5. Perlu mengedukasi perempuan bahwa mereka tak boleh menerima kekerasan

Kekerasan Gender dari Kacamata Sosial, Patriarki Biang Keladinya?Suasana acara Indonesia Millennial and Gen Z Summit (IMGS) 2023. (IDN Times/Tata Firza)

Maka, kunci untuk melakukan pencegahan atau penanganan isu ini kata dia bisa dilakukan dengan edukasi. Perempuan dan anak perempuan harus diberi pemahaman soal apa yang mereka alami. Contohnya, saat ada keluarga yang melakukan kekerasan itu adalah sebuah kesalahan dan tak boleh menerima sebagai sesuatu yang wajar.
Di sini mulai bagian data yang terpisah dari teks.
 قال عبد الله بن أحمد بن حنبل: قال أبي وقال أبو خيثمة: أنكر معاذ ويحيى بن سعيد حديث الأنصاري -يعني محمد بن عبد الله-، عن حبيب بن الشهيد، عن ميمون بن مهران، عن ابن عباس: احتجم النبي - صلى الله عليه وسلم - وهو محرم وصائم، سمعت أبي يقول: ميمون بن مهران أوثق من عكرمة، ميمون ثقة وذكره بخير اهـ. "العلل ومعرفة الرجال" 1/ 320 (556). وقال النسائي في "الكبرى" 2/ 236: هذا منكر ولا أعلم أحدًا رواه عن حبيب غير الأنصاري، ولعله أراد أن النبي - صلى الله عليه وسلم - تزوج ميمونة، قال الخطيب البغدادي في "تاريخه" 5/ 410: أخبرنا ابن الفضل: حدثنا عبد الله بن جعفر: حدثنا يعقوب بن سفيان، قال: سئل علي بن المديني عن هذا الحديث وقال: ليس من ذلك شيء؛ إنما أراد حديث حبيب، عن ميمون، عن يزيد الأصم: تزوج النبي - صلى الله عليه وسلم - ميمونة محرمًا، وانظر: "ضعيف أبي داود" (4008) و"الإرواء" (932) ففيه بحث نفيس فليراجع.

“Sekali lagi, itu sesuatu yang salah dan banyak perempuan yang tidak menyadari itu. Sehingga mereka menerimanya dengan tanda kutip keikhlasan,” kata dia.

Bahkan tak sedikit kondisi yang ada malah membuat perempuan menormalisasi kekerasan yang perempuan lain alami, dengan dalih bersabar atau menerima bahwa perempuan kodratnya adalah disakiti.
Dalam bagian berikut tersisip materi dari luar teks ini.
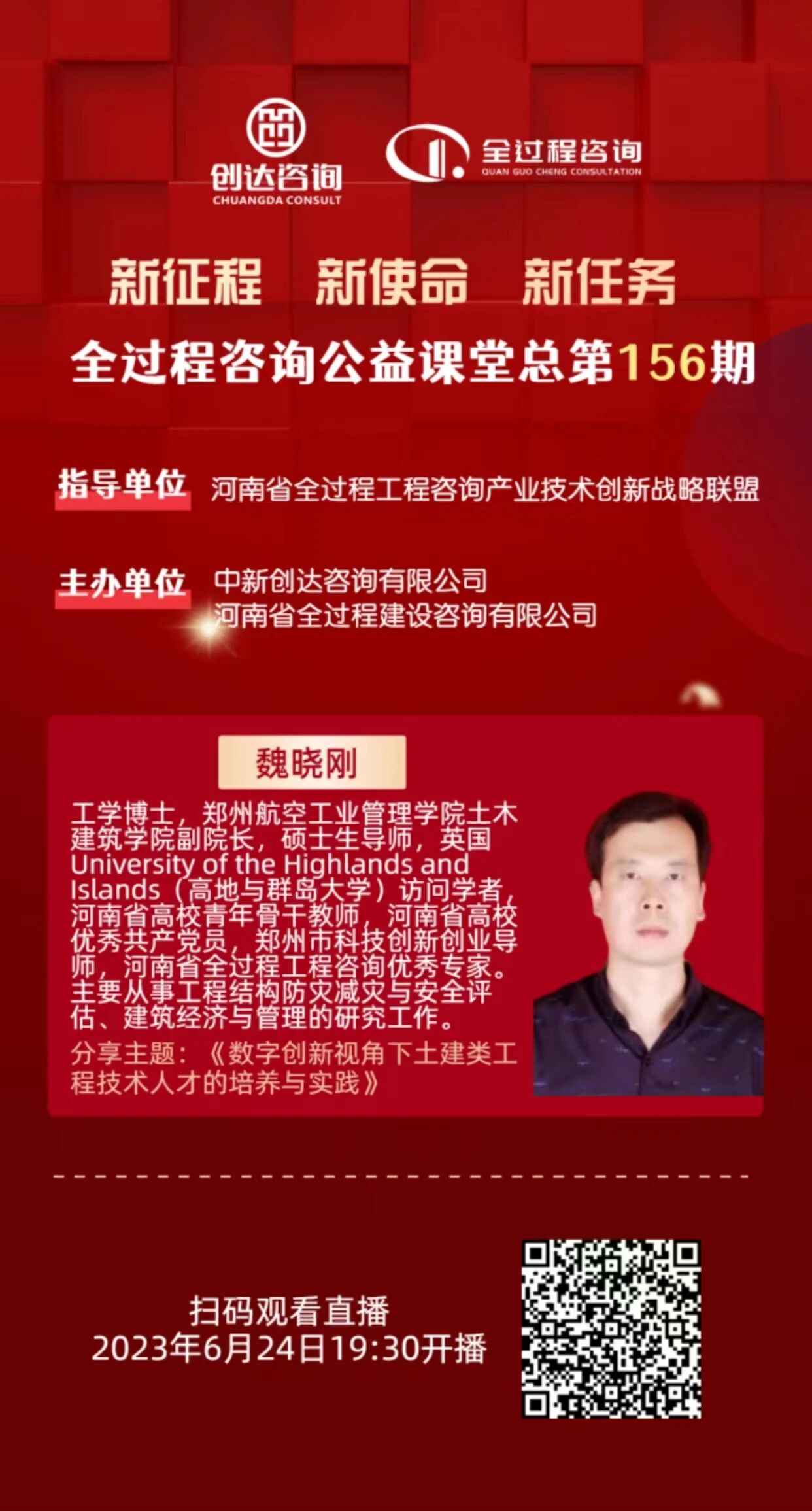 【直播预告】全过程工程咨询公益课堂第156期:数字创新视角下土建类工程技术人才的培养与实践

“Ini sebuah kekeliruan akibat lemahnya pengetahuan dan pendidikan. Sehingga ketika perempuan mendapatkan pendidikan yang baik, mereka tahu hak dan kewajiban mereka sebagai sesama manusia,” kata dia.

Baca Juga: Kasus Femisida di Indonesia Meningkat, Kekerasan Ekstrem dan Brutal

6. Perempuan yang berani melawan kurangi angka laki-laki yang semena-mena

Kekerasan Gender dari Kacamata Sosial, Patriarki Biang Keladinya?Suasana acara Indonesia Millennial and Gen Z Summit (IMGS) 2023. (IDN Times/Tata Firza)

Dengan pemikiran perempuan berdaya dan menolak kekerasan yang mereka alami, Devie mengatakan perempuan bisa berjalan di atas kakinya sendiri, dengan berdaya secara ekonomi dan potensi menjadi korban kekerasan bisa berkurang, minimal bisa melakukan perlawanan.

Hal ini diharapkan bisa mengurangi angka di mana laki-laki semena-mena pada perempuan di ranah privat, seperti di rumah. Meski memang tak semua kekerasan pada perempuan berujung kematian, tapi perempuan juga rentan alami penyiksaan seumur hidup di ruang tertutup seperti rumah tangga.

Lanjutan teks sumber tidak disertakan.